Despite his arm talent, Pint was deemed too far away for the Rockies to place on the 40-man roster when eligible earlier this off-season. The other 29 teams agreed when they declined to take Pint in the Rule 5 draft in December. That’s a knock on Pint’s prospect cred, of course, but it’s not a death knell either. Since Rule 5 picks must spend the entire season on the big league club to stick, another team would have been taking a mighty big swing to fit Pint in their 2021 plans. It’s not that it isn’t possible, just that the pandemic year robbed Pint of a full season where he could have displayed progress to the Rockies and other potential employers.
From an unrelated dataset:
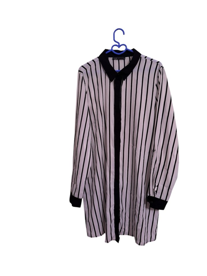 Siyah beyaz Çizgili Uzun Kollu Kadın Gömlek

Obviously, 2021 is critical for Pint to re-establish his prospect stock by showing a consistent (and effective) delivery. If he does so, the Rockies will no doubt put him on the 40-man roster after the year. If he doesn’t, Pint will be rapidly approaching minor league free agency. Pint still has a massive range of outcomes, but by far his most likely path to big league success is in relief given the sheer potency of the arsenal. There are very few potential All-Stars in Colorado’s system, but Pint is still one of them. Right? Annnnnnnnnnny day now.